Patients with frostbite often experience swelling as the frozen skin thaws, blocking tiny blood vessels.

Researchers said the addition of the anti-clotting drug tissue plasminogen activator, or tPA, helped keep blood flowing to the injured area, averting permanent damage.

''People had fewer amputations and less digit and limb loss as a result of their injury,'' said Dr. Amalia Cochran of the University of Utah in Salt Lake City, whose work appears in the Journal of the American Medical Association's Archives of Surgery.

Little has changed in the management of frostbite in the past 25 years, with routine treatment typically consisting of warming the patient, offering fluids, caring for wounds, and often months later, amputation.

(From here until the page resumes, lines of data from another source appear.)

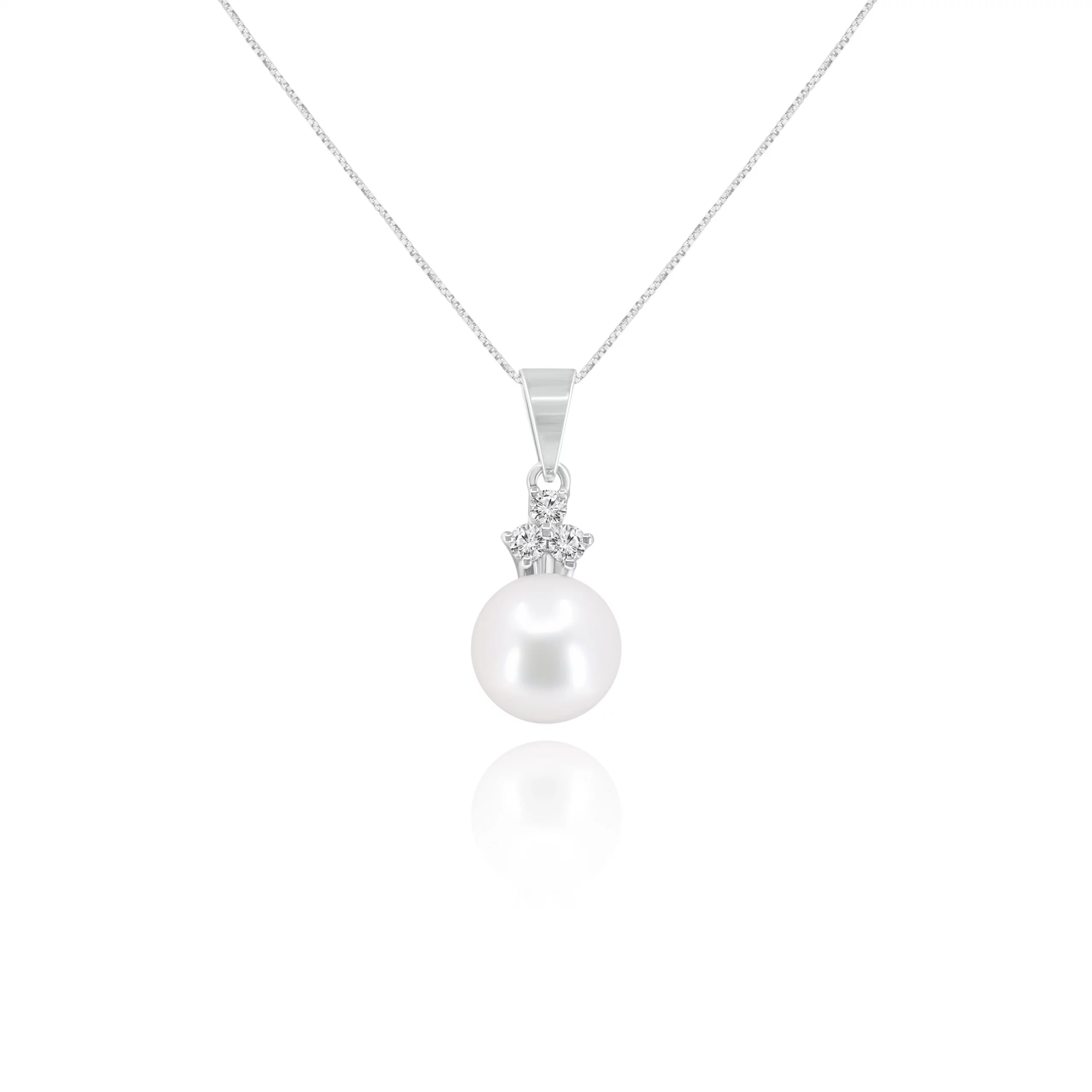 Pendente in oro bianco 18kt con Perla Akoya e Diamanti:
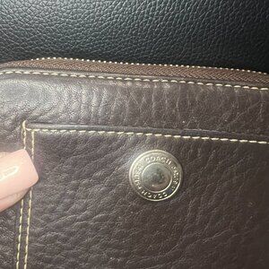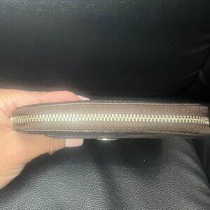 Elegant brown leather wallet. Features a front pocket with stitched detailing. Card holder and snap-change purse. Zip around, soft leather and stylish timeless design.
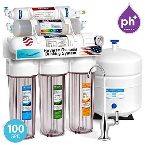 Express Water ROALK10DCG 10 Stage Home Drinking Filtration System Alkaline pH+ Reverse Osmosis 100 GPD RO Membrane, Clear Housing, Deluxe Chrome Faucet, Pressure Gauge, BPA Free
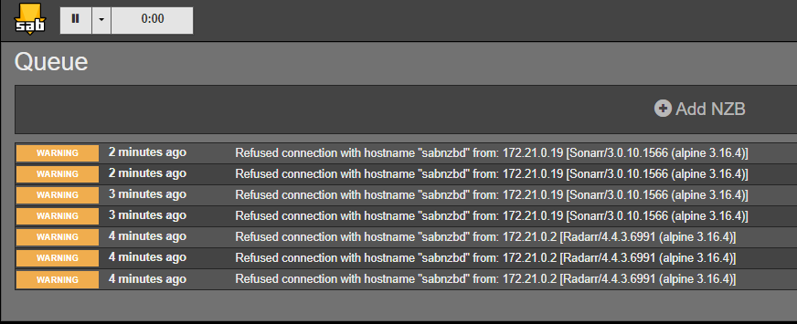 If you're trying to connect your Starr apps to SABnzbd and you're getting an error like Unable to connect to SABnzbd after clicking on Test.
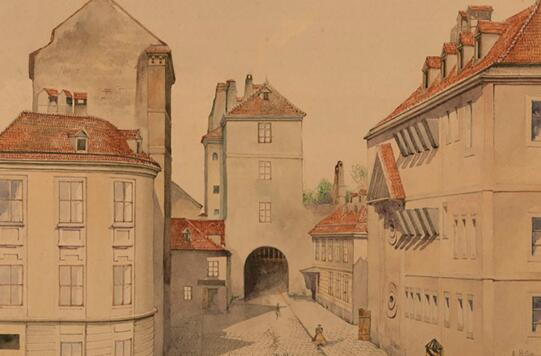 这幅透明水彩画(一种薄贴通透水彩绘画技法)描绘了位于维也纳的一座塔式建筑,在今年被一位女子赠予荷兰阿姆斯特丹 NIOD 战时研究所,但有关部门并未透露其身份。
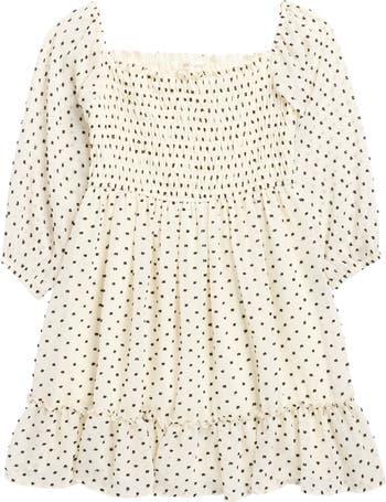 A smocked bodice lends on-trend appeal to a clip-dot dress that your budding fashionista will love to style.
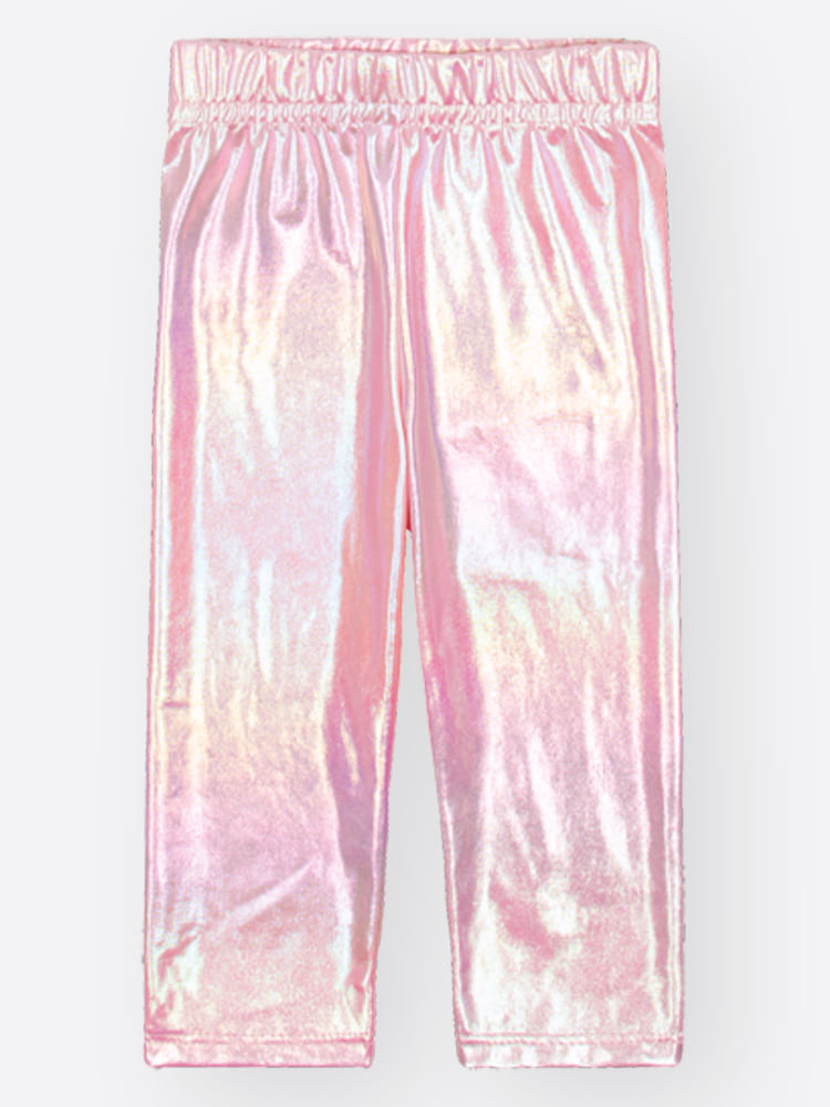 Legging: A calça é a peça de glamour do conjunto, feita em Malha Fóil Holográfica, que garante um efeito metalizado e iridescente. Possui cós elástico rebatido, oferecendo um ajuste seguro e confortável.
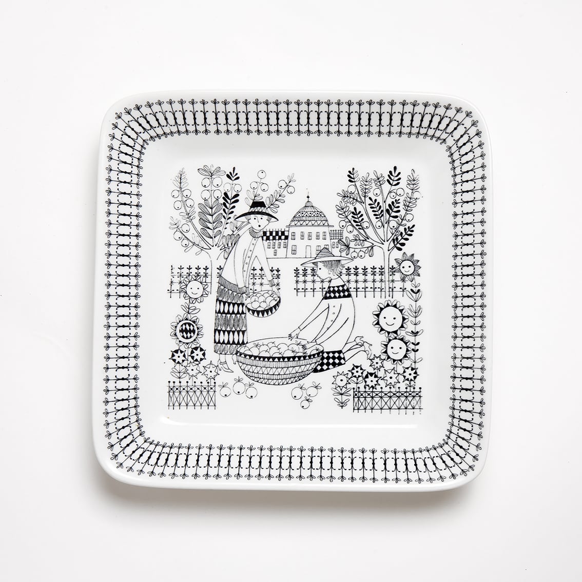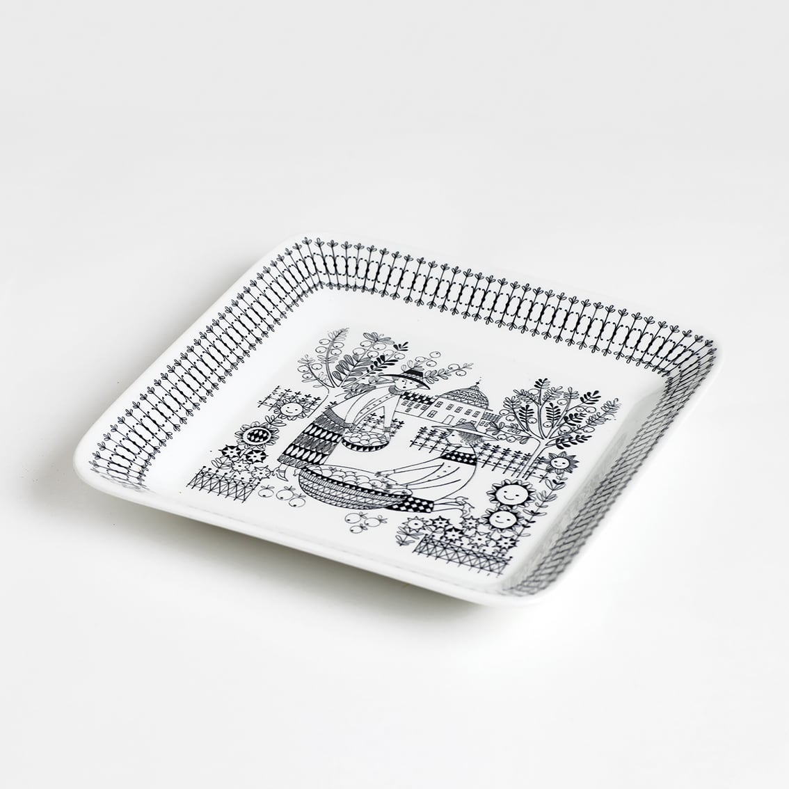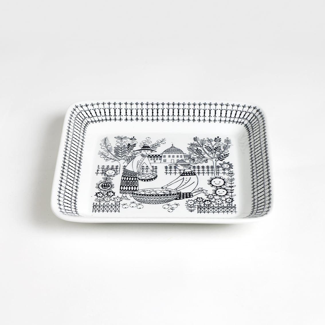 Kaj Franck(カイ・フランク)がデザインしたつややかな白地のフォルムにRaija Uosikkinen(ライヤ・ウオシッキネン)が繊細な黒い線でデコレート。モノクロとは思えない華やぎが感じられる作品です。ひざに乗せたボウルをかき混ぜる女性は、他のエミリアのように着飾ってはいませんが、肩にひらひらのついたエプロンがさりげなくおしゃれです。

The saying ''Frostbite in January, amputate in July'' still applies, the authors wrote.

A number of individual medical centers have tried the use of the clot buster tPA on an isolated basis, Cochran said, but there have been few studies of its use.

In this study, researchers examined six severe frostbite patients between 2001 and 2006 who were able to seek treatment within 24 hours of sustaining frostbite and did not have other injuries that would prohibit the use of the clot-busting drug.

''Getting them here within 24 hours was clearly a point of demarcation. That 24-hour cutoff seems to be important,'' Cochran said.

No patients who got the drug had a limb amputated, compared with 14 amputations among a comparison group of 26 who got standard care.

And only 10 per cent of affected fingers and toes were amputated in the drug group versus 41 per cent among those who did not get the drug.

''The preservation of limbs, which maximises patient functional outcome, is perhaps the greatest benefit conferred by the use of tPA in frostbite injury,'' Dr Kevin Bruen of the University of Utah, who led the study, said in a statement.

The drug cannot be used on all frostbite victims as many of them come to the hospital with other injuries involving internal bleeding, which would be worsened by the drug.

''Bleeding is clearly the biggest concern. That makes use a bit limited,'' Cochran said.

She said more studies at different centers are needed to confirm the findings and to determine if the drug would work differently in patients exposed to extreme cold all at once -- allowing for no intermittent periods of thawing -- compared with those whose injuries were the result of repeated freezing and thawing in less extreme temperatures.

''We don't know if their response would be better, worse of the same,'' she said.